Submitted AI and IR Questions

References

About Artificial Intelligence and IR

Artificial intelligence is a broad scientific field. Convince yourself by searching for artificial intelligence in Google or other search engines. This document focuses on artificial intelligence techniques, methods and projects applied to information retrieval and information extraction.

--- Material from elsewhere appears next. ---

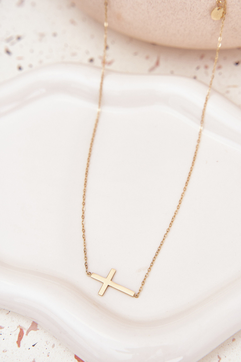 Retiazka s krížom z chirurgickej ocele zlatého odtieňa

Suggested Topics and Resources

Since relevance is everything, I'm especially interested on issues relevant to AI agents applied to information retrieval and search engines. Please submit research questions that target or address these subjects, only. Some suggested topics are:

Talking about the science of fractals in AI and IR, I am currently compiling a resource page on the subject. If you come across articles, thesis, course material or call for papers on fractals applied to IR let me know. If the information is on-topic, I will place a link to the resource and to your site in the Fractals in Information Retrieval section. To discourage adversarial linkage (link spammers), I only accept resources from .edu or .gov levels. However, your domain does not need to be from these levels.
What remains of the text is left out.